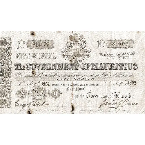 | Obverse lettering | FIVE RUPEES THE GOVERNMENT OF MAURITIUS PROMISE TO PAY THE BEARER ON DEMAND AT THIS OFFICE THE SUM OF FIVE RUPEES OFFICE OF THE COMISSIONERS OF CURRENCY PORT LOUIS |
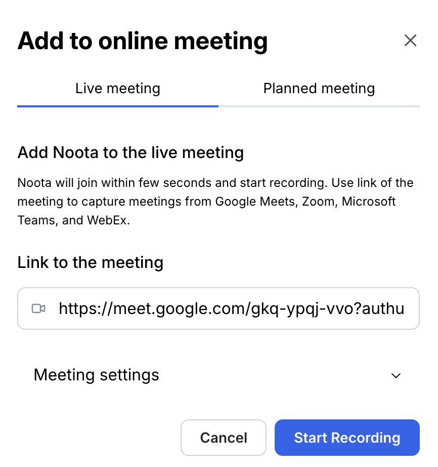 Copy/paste the Noota email address into your calendar event.
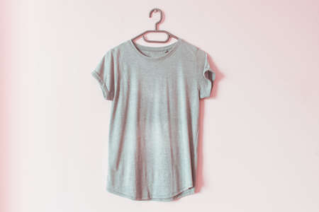 Old not ironed folded casual t shirt clothes mockup hanging on the wall on a rack.
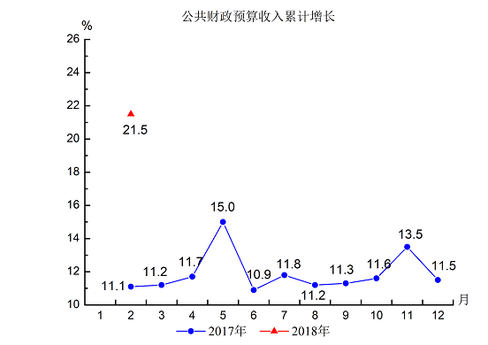 (六)财政收入增速稳步提升。得益于税收收入的较快增长,全县一般公共预算收入增速亦稳步提高,1-2月完成6.93亿元,增长21.5%,增幅比上年同期提高10.4个百分点。其中税收收入4.84亿元,增长36.3%,增幅比预算收入高出14.8个百分点,比上年同期提高14.4个百分点。全县一般公共预算支出16.6亿元,增长4.3%,增幅比上年同期回落38.6个百分点。其中,一般公共服务等八项支出合计13.1亿元,增长11.2%
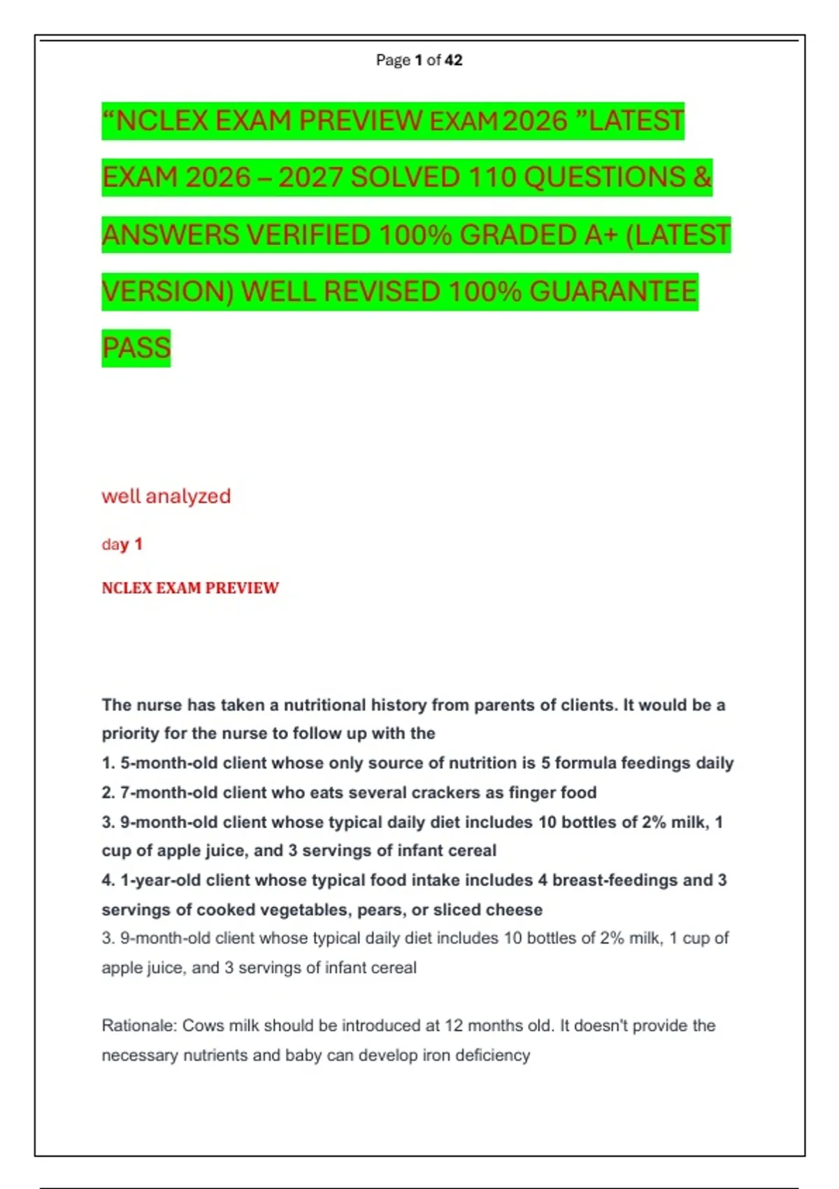3. 9-month-old client whose typical daily diet includes 10 bottles of 2% milk, 1 cup of
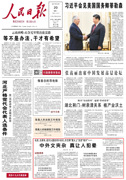 人民日报头版刊文批“中外文夹杂乱用”
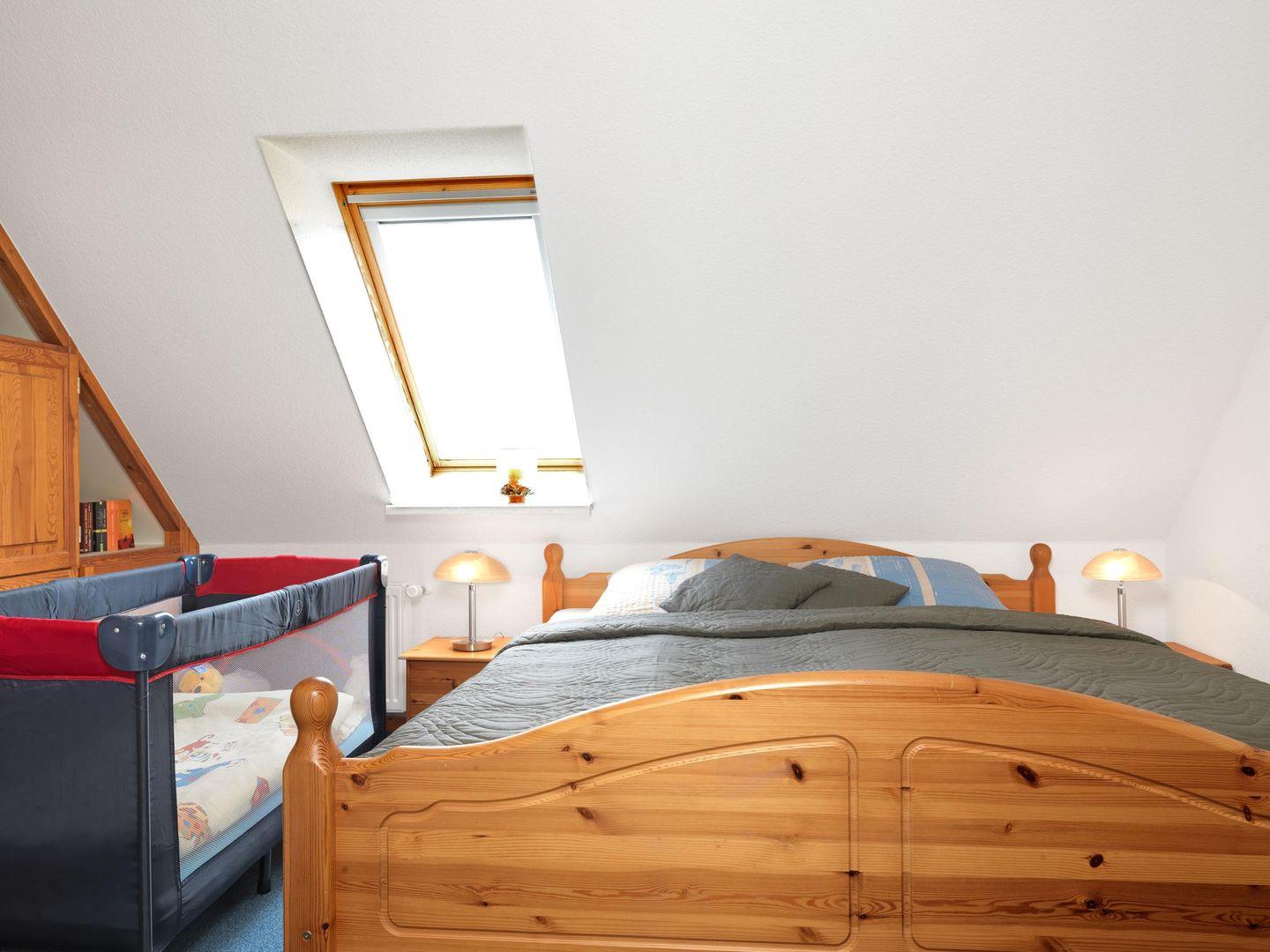 In dieser gemütlichen Dachgeschosswohnung erwartet Sie ein helles Wohnzimmer mit Küchenzeile und Essbereich. Ein Flach-TV sowie eine Anlage mit Radio-/CD-/DVD Player stehen für Ihre Unterhaltung bereit. Außerdem befindet sich hier ein Schlafzimmer mit Doppelbett sowie ein Schlafzimmer mit 2 Einzelbetten. Ein Bad mit WC und Dusche ist ebenfalls im OG zu finden.
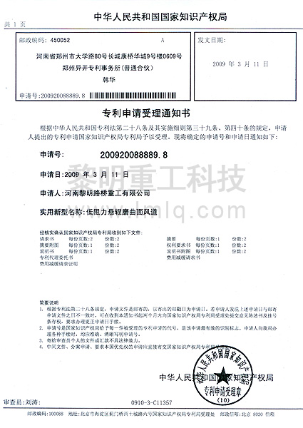 • 低阻力懸輥磨曲面風道專利號:200920088889.8 >>查看證書
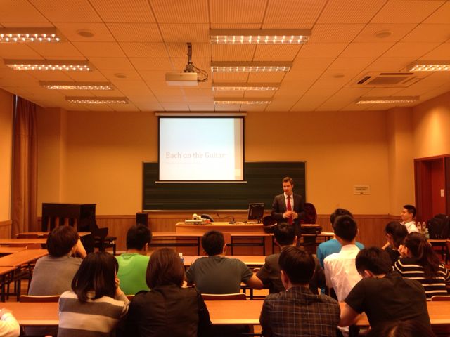今年10月10日,我院Matthias Lang教授作为主讲人在上海音乐学院举办了吉他学术讲座:《Bach on the Guitar: Principles and Examples of an applied Baroque Sound》。在讲座过程中,Matthias Lang教授一边讲解,一边用吉他示范了一些具体的音乐片段。之后,他又为参加讲座的叶登民教授和学生们演奏了他自己为吉他改编的《巴赫无伴奏小提琴组曲第二号(BWV1003)》。
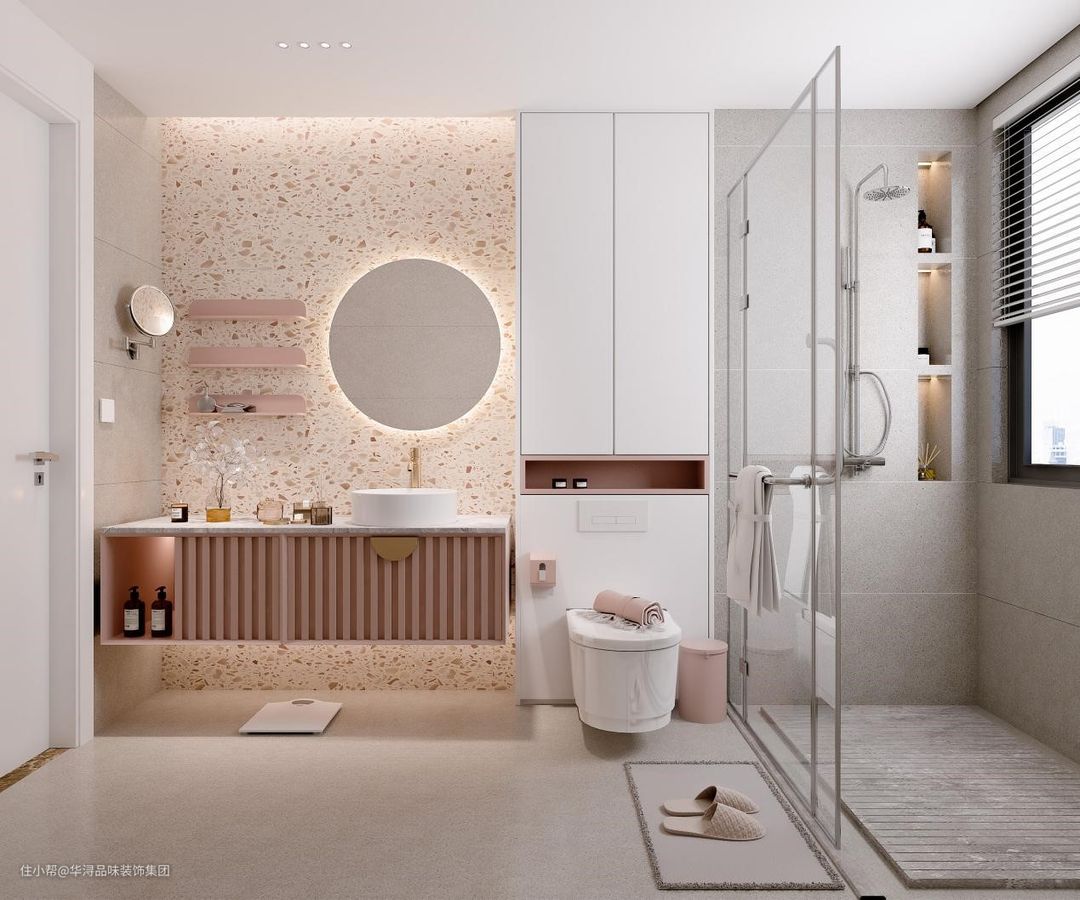 主卧卫生间内部打造了干湿分离的格局,在象牙白主色调中间又融入了砖红色进行色彩的点缀。
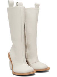 Knee-high buffed faux-leather boots. · Logo-embossed pull-loops at collar · Zip closure at inner side · Grained faux-leather lining · Sculptural heel · Rubber sole · Heel: H4.25" Available exclusively at SSENSE. Supplier color: Rainday Upper: synthetic. Sole: rubber. Made in Portugal 252844F115011
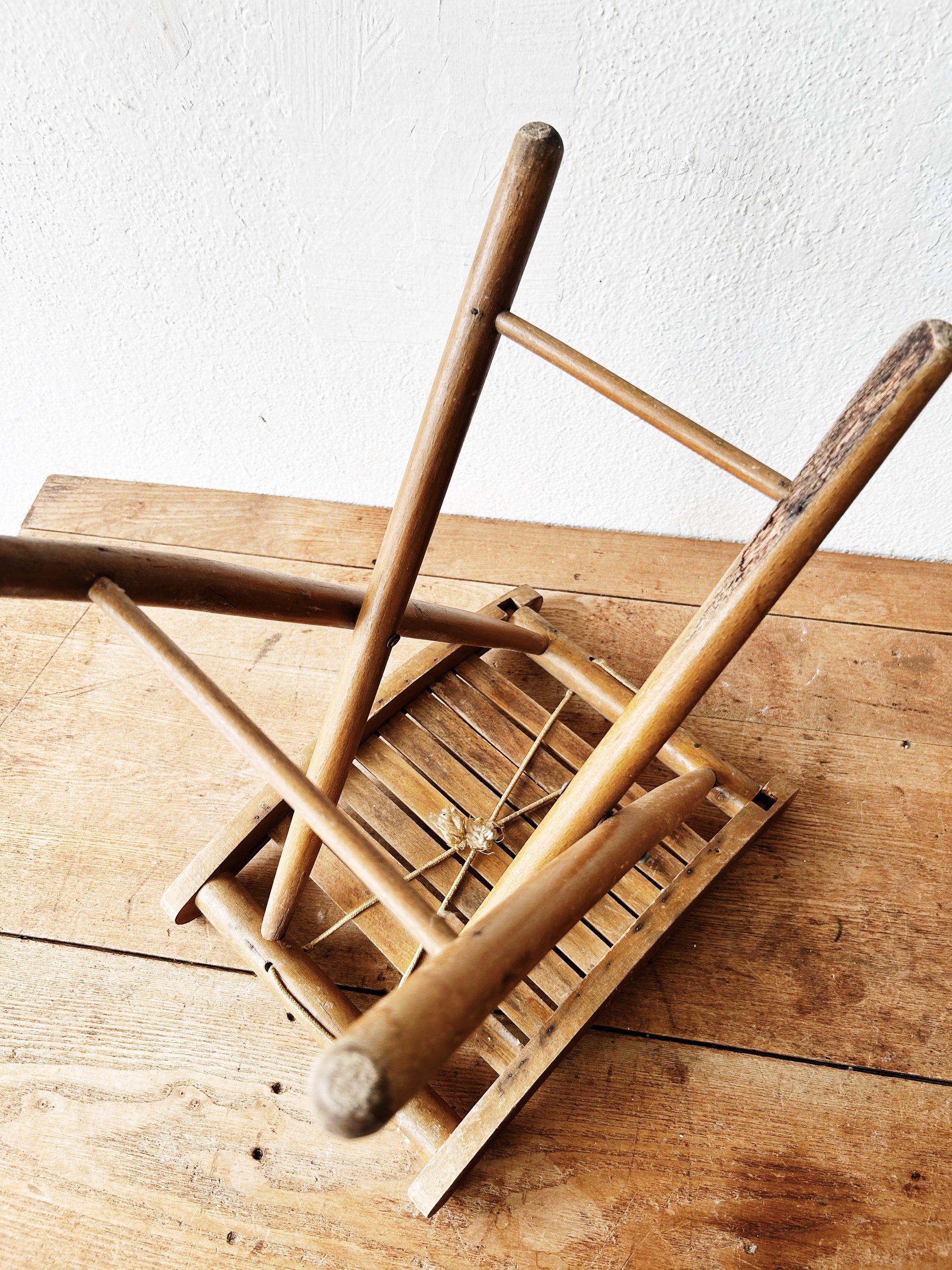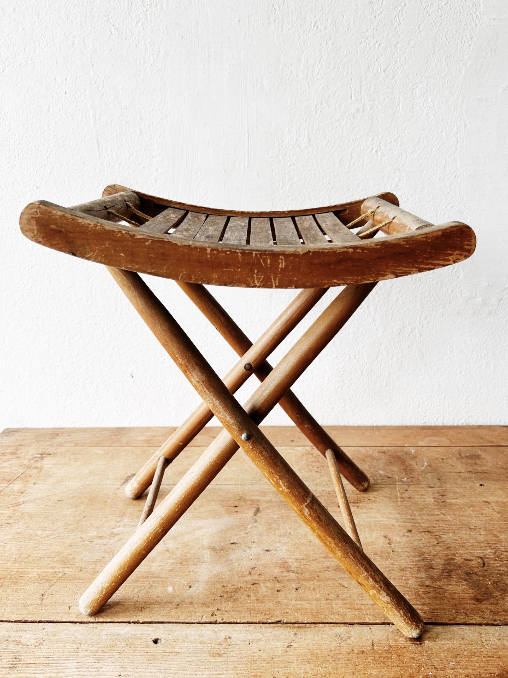 Faded old wood camp stool with slatted seat. Folds down with old string carry handle. Overall wear but sturdy
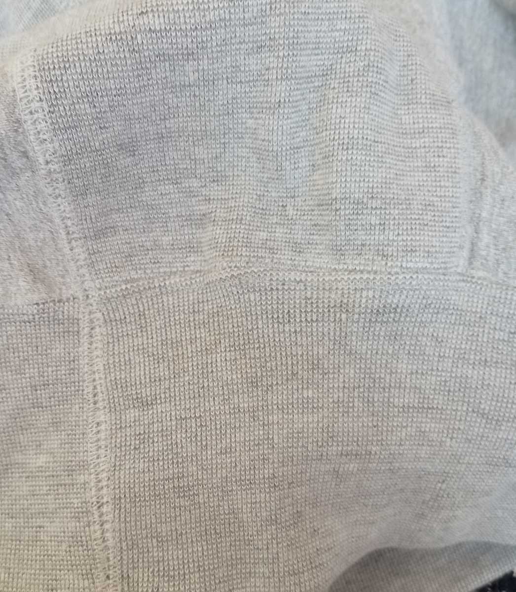 10回ほど着用、よく見ると右サイド裾リブ、右袖、フロント中心辺りに薄くシミがあります。
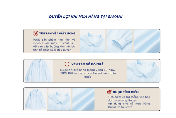 - Hỗ trợ đổi hàng trong vòng 30 ngày và miễn phí tại tất cả chi nhánh thuộc hệ thống thời trang Savani.

*Directions*. What should appear is an exact copy of the lines from the one containing "Faded old wood" through the last line of the records above, pictures excluded.

*Response area*.
 Faded old wood camp stool with slatted seat. Folds down with old string carry handle. Overall wear but sturdy
 10回ほど着用、よく見ると右サイド裾リブ、右袖、フロント中心辺りに薄くシミがあります。
 - Hỗ trợ đổi hàng trong vòng 30 ngày và miễn phí tại tất cả chi nhánh thuộc hệ thống thời trang Savani.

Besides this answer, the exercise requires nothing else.